Create an Encrypted Bootable Flashdrive

Information security is becoming increasingly important, but why pay extra for a flash drive with built-in encryption when you can quickly and easily do it yourself using free, open source tools.

This tutorial will show you how to use Ubuntu 9.10 and some of the utilities it ships with to create a bootable USB flash drive with an encrypted partition. The encrypted partition will be directly accessible through any Linux machine with dmcrypt installed or through it's own bootable copy of Ubuntu Linux so if there isn't a Linux machine available you can just boot from the drive an access your data securly.

Before you begin you will need:

• A flash drive with a capacity of at least 2GB (this tutorial uses an 8GB drive. Adjust accordingly for your drive size)
• A computer running Ubuntu 9.10
• A copy of the Ubuntu 9.10 32-bit desktop edition iso file
• GParted installed on your Ubuntu machine

Step 1: Delete all data from the flash drive

This may seem a bit paranoid, but you want to make sure all data that has been stored on the drive is wiped clean. This command will overwrite the entire drive with zeros. Replace /dev/sdx with the actual location of your flash drive. BE VERY CAREFUL using this command. If you point it at the wrong drive (like say, the drive with your /boot partition or /home partition) it will irreversibly destroy all data on the drive starting with the MBR.

Let it run until it's complete (this will take a while on larger drives)

Step 2: Partition the drive with GParted

Create a 4GB partition formatted vfat at the beginning of the drive and click Apply Changes

Step 3: Create an encrypted partition using Disk Utility (System->Administration->Disk Utility)

Select the free space on your flash drive
Set a label (optional but recommended)
Select ext4 as the filesystem
Check the encrypt underlying device box
Click create
Set your passphrase
Click create

Step 4: Install Ubuntu on the flashdrive

Open the USB Startup Disk Creator (System->Administration->USB Startup Disk Creator)
Select your iso file under source disk image
Select the fat partition you created in Step 2
Set Stored in reserved extra space to the maximum allowed
Click Make startup disk (again, this will take a while on larger drives)

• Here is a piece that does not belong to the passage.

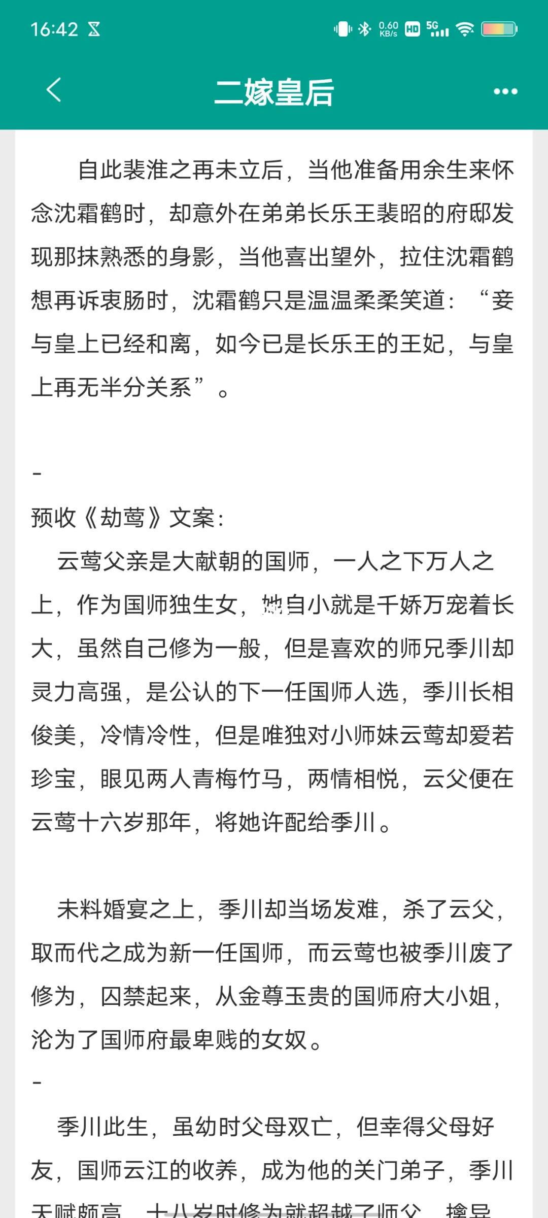 《二嫁皇后》by芸香青柠 23年完结的文,一共87章 女主是皇后,死遁后嫁给男二 前夫皇帝追妻火葬场扬灰

Step 5: Boot from the flash drive and finalize your install

Mount the encrypted drive by clicking Places->4.1GB Media
Enter your password to unlock the drive. Make sure to never select Remember Forever . We installed a persistent filesystem on the flash drive so it will save files, settings and passwords to the drive and remember them between boots.

The first time you mount it the system may refuse to open the drive. If this is the case open a terminal and enter the command:

sudo chown ubuntu:ubuntu /media/data

Where data is the label you used for your encrypted partition in step 3
Reboot the system

Now you can carry sensitive data around with you and relax knowing it is easily accessible and totally secure. (you did use a strong password, right?)